Consequences of having a long $PATH environment variable

directory-structurepath

The feature I'd really need is to be able to create "virtual directories" by merging a collection of real directories (so that your /usr/bin is actually a virtual thing that points to an array of directories).

However, this feature, although available in some operating systems, is not widespread, and you cannot expect you'll have it supported in the OS you'll be using next year, for example.

For the moment, I'm using the $PATH variable as a workaround, storing in it the whole collection of directories I wish to "merge" (and plan to use others, like $MANPATH, for manual pages, as well as analogous equivalents for libraries).
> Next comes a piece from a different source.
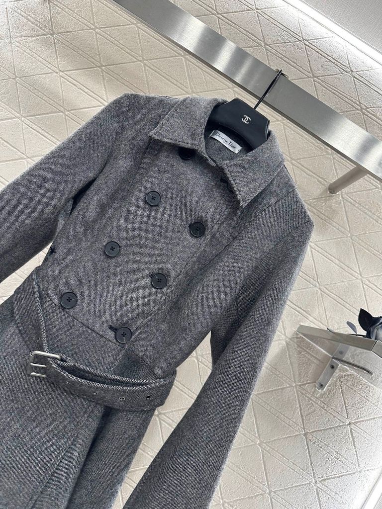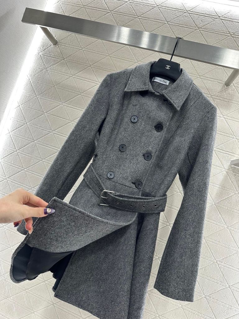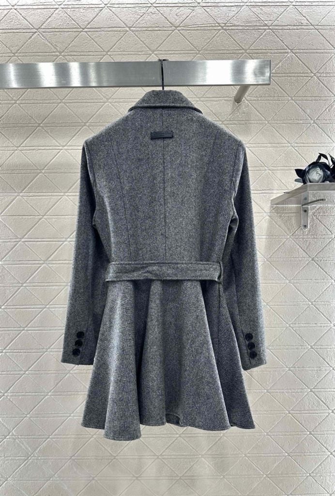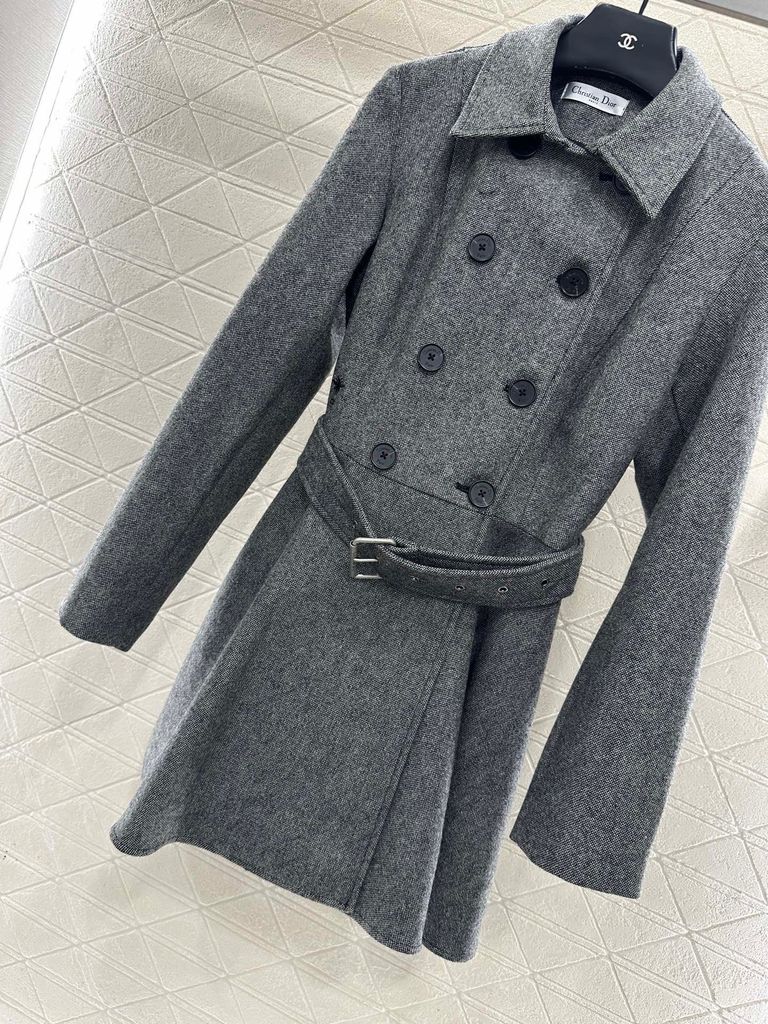 ÁO KHOÁC NỮ DIO* DẠ LEN DOUBLE-BREASTED ĐAI EO – XÁM GHI, 2150k (HÀNG ORDER QUỐC TẾ)

I'm not hitting any performance issue for the moment, as the collection of "merged directories" is not big, but I'm wondering if I could experience issues in case the number arrives in the future to hundreds of directories (I don't know if such a big number will happen, though).

The expected number of "merged" directories I'm guessing for the foreseeable future is about 40 to 50.

The workarounds I found for this feature are mainly based in managing symbolic links, thus effectively mirroring all files from all merged directories as symbolic links pointing to them from the "unified" directory. However, such approach looks like overwhelming complexity to me. It doesn't look like a tidy, clean, solution.

Do you think I could go on with the $PATH approach, or should I stop, reconsider, and study other options?

Best Answer

The shell usually caches the information about where external utilities are found, which means that it really only needs to do a single lookup for each non-cached utility.

I would not expect that having a long $PATH would impose a serious performance issues if using a sensible shell.

For an alternative solution, have a look at GNU Stow.